Exercise instructions — Keep the lines exact and the pictures out as you repeat the following listing.

Given information —
○ ○ ○

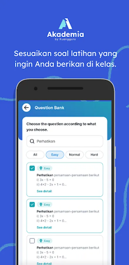 Improve the quality of learning with practice questions in the application. There are various questions according to the topic and subtopic you want. These practice questions are also available in various levels of difficulty! so you can choose the level of difficulty according to the level of understanding of students.
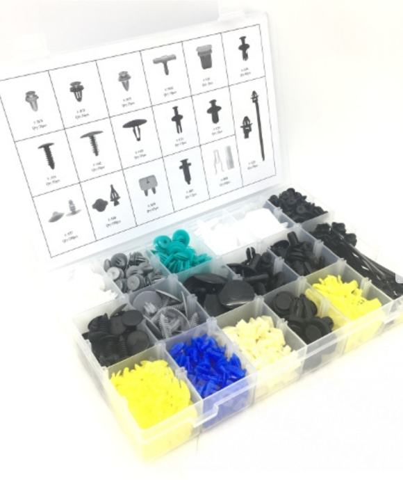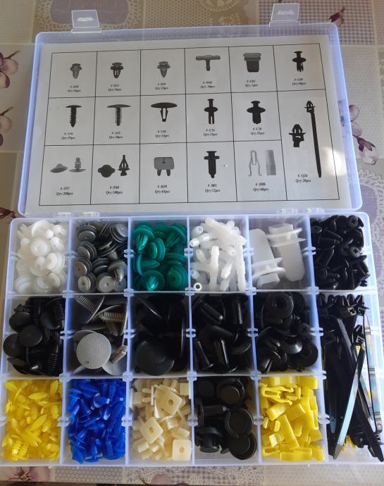 Set sadrži 720 dijelova čepova , spojnica i kopči za razne primjene spajanje limenih, plastičnih dijelova i tapiceriju.
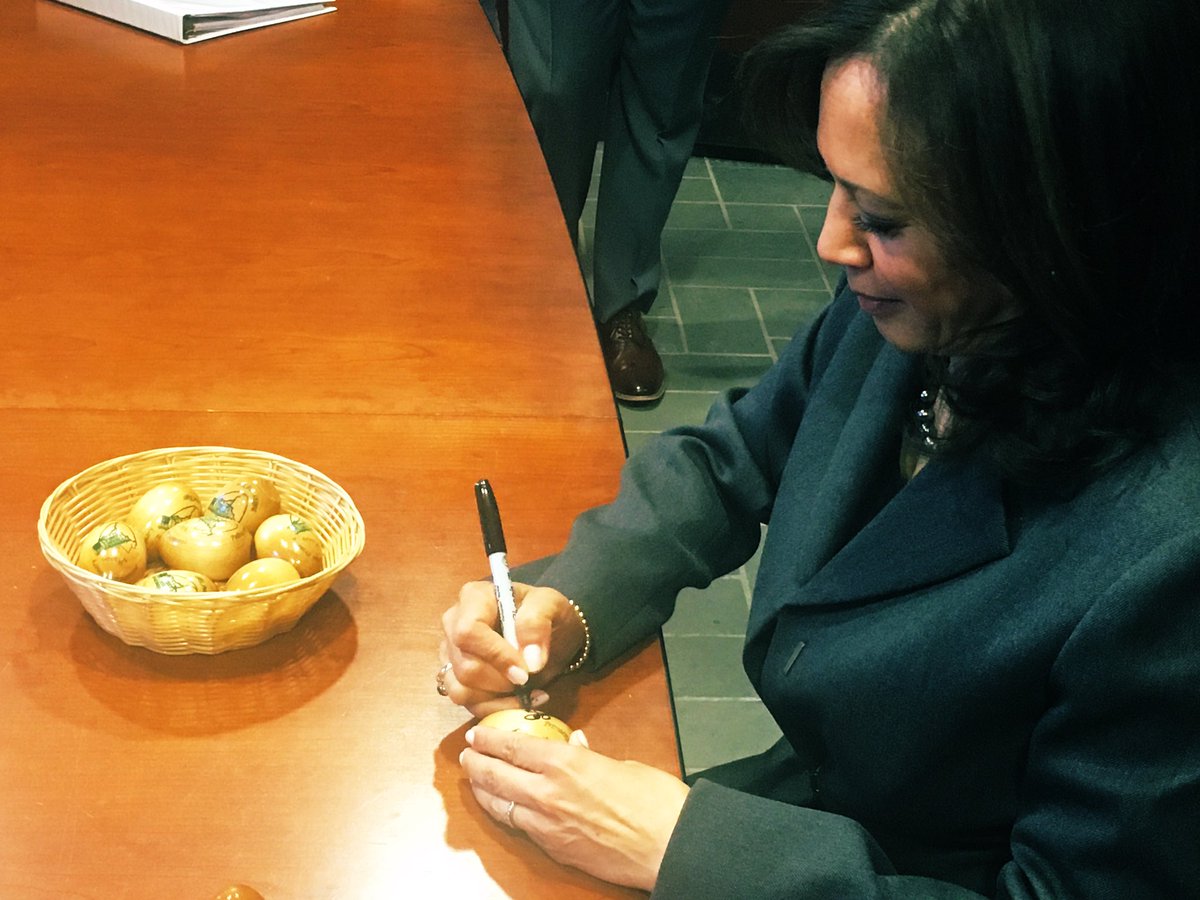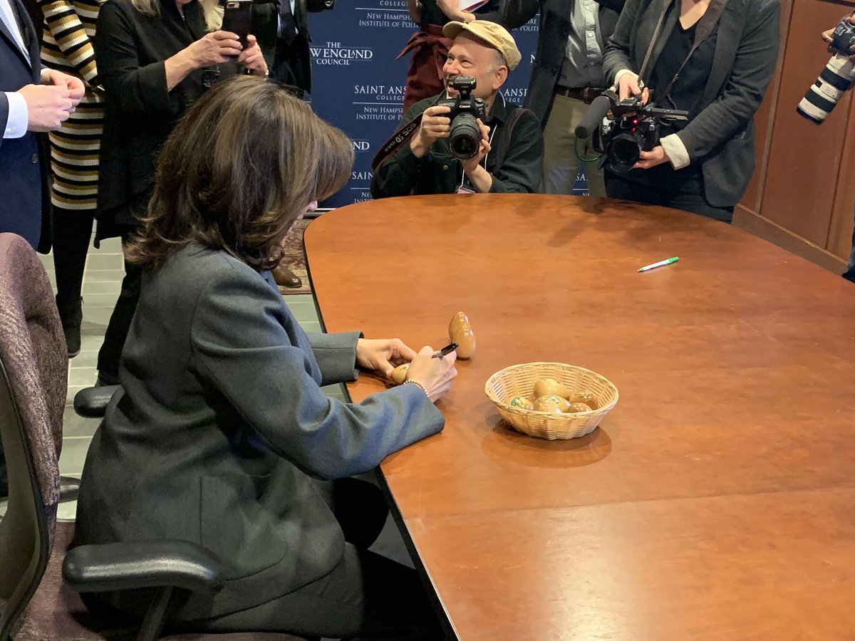 Senator @KamalaHarris is taking part in a New Hampshire tradition: signing the eggs at Politics & Eggs. #fitn #nhpolitcs

○ ○ ○

Output for this task —
 Improve the quality of learning with practice questions in the application. There are various questions according to the topic and subtopic you want. These practice questions are also available in various levels of difficulty! so you can choose the level of difficulty according to the level of understanding of students.
 Set sadrži 720 dijelova čepova , spojnica i kopči za razne primjene spajanje limenih, plastičnih dijelova i tapiceriju.
 Senator @KamalaHarris is taking part in a New Hampshire tradition: signing the eggs at Politics & Eggs. #fitn #nhpolitcs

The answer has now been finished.